We lack the vocabulary to identify and analyze things that look like games but aren’t primarily playful. Media theorists have noted this tension in hardcore games; David Golumbia cautions against conflating the form of a game with the action of play, and notes in his analysis of World of Warcraft that the game encourages and necessitates behavior “as repetitive as the most mechanized sorts of employment in ‘the real world’” by letting players specialize in professions such as mining or crafting. Golumbia locates the pleasure of this kind of grinding, repetitive gameplay in the satisfaction of binary task accomplishment, where goals are “well-bounded, easily attainable, and satisfying to achieve, even if the only true outcome of such attainment is the deferred pursuit of additional goals of a similar kind.”
New media scholar Patrick Jagoda observes that to be a player of World of Warcraft “means to be a laborer and a manager,” citing “aspiring to a higher rank, following instructions, engaging in war making, and accumulating private property” as the first skills a player is taught to value in-game, and “team building, managing a guild, and administrating resources” as the habits of successful players. Golumbia writes that these repetitive, goal-oriented games create a managerial class much in the way military simulators create soldiers. He ends on a sinister note:
If they simulate anything directly, that is, games simulate our own relation to capital and to the people who must be exploited and used up for capital to do its work. But it is overly simple to call this activity simulation: a better term might be something like training.
I’d like to propose a similar conclusion for casual games, with a tentative but earnest glimmer of optimism. Games offer a way to simulate and view complex systems from the outside, to pick them up and play with them as a child might play with a toy machine, to understand what they are able to do and where they are broken. The process of coming to understand the levers and gears of a game—what game designer and theorist Ian Bogost calls a game’s “procedural rhetoric”—is an opportunity for cognitive estrangement from familiar systems of labor, a way to understand dynamic networks and nuanced relations with a fresh set of eyes.

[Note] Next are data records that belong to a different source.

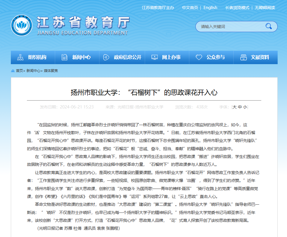 【江苏省教育厅(官网)】扬州市职业大学:“石榴树下”的思政课花开入心
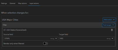 In the map's settings, I can add an action to filter the states when the capital city is selected, because they share a FIPS code in their attribute tables.
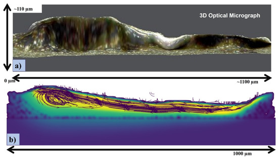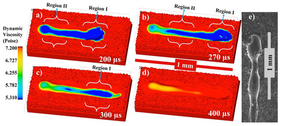 Figure 5a–d shows the melt pool dynamic viscosity at 200, 270, 300, and 400 µs, respectively, and Figure 5e shows the experimental comparison through the SEM of the irradiated single track.
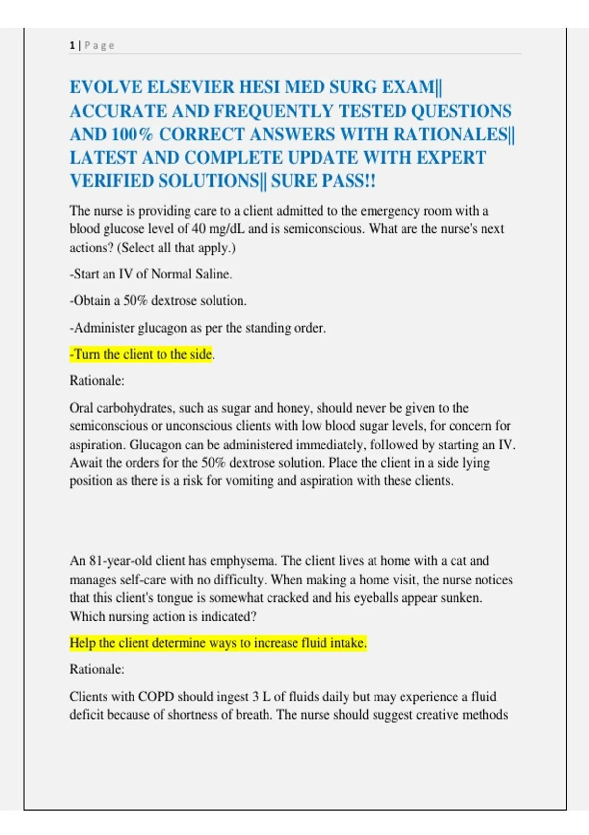 EVOLVE ELSEVIER HESI MED SURG EXAM||

Quietly and perhaps unintentionally subversive, Diner Dash and Kim Kardashian: Hollywood approximate a first step toward naming and honoring the processes by which affective labor is extracted from workers. Even in their simplicity and mundanity the games operate as instruction manuals, teaching and training their players how to relate to the emotionally demanding work in their lives. By blurring the boundary between work and play, including the literal quantification of affect in hearts and happiness meters, Kim and Flo teach their players to value immaterial forms of labor alongside the production of objects, feminist work akin to the manifestos and pamphlets that the International Wages for Housework Campaign was spearheading in 1970s Italy.

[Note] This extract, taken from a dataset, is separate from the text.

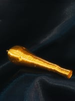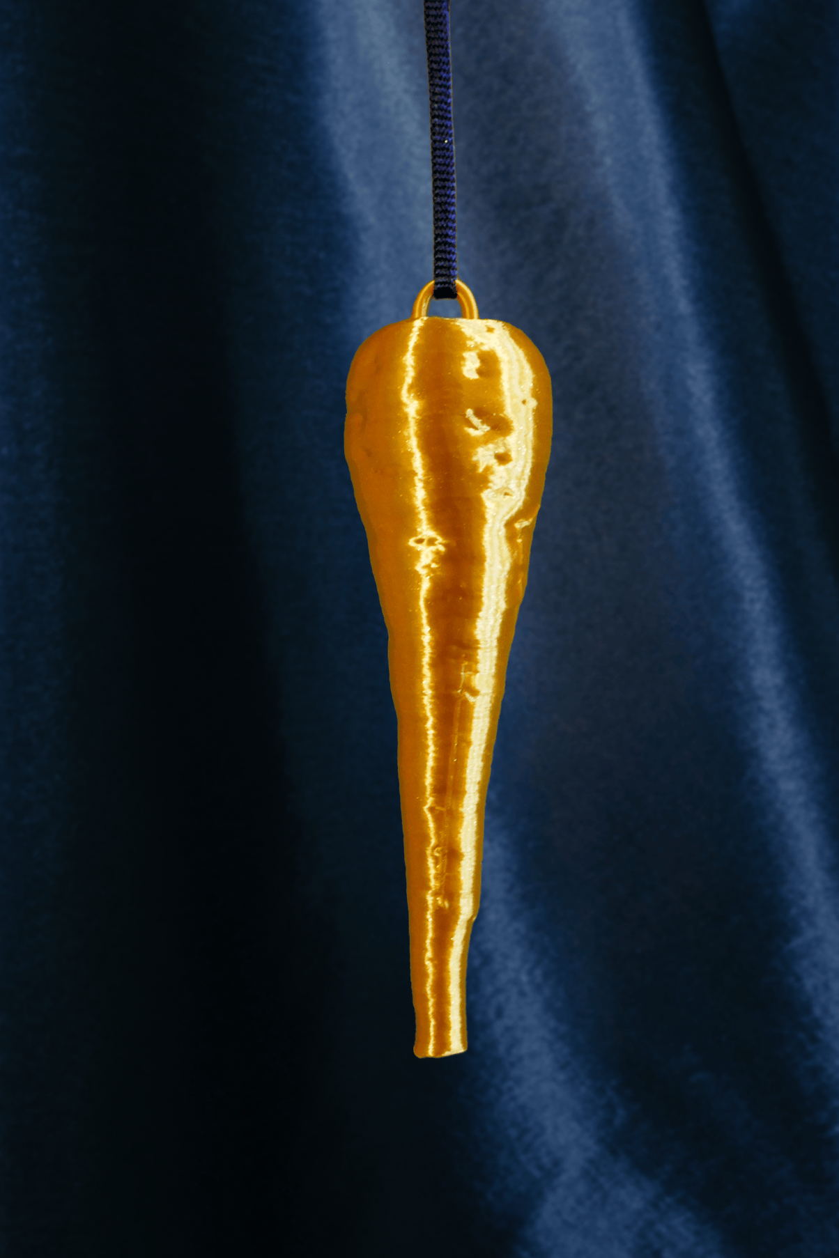 A parsnip bauble made in gold PLA (a bio plastic) with a light glitter finish.

When Silvia Federici wrote Wages against Housework, she wasn’t calling for hourly wages for housewives as an end in itself, and this is key—she wanted recognition of housework as labor specifically to bring it into the realm of things that can be refused and revolted against. To radically reorganize affection, love, and care in the labor market is no simple task, and Diner Dash and Kim Kardashian: Hollywood certainly offer no solutions. What they do offer is a first suggestion, incredible in its existence on a mass-market scale: to make affective labor count, to think critically about our fraught relationships with our work, and to playfully reimagine what might be.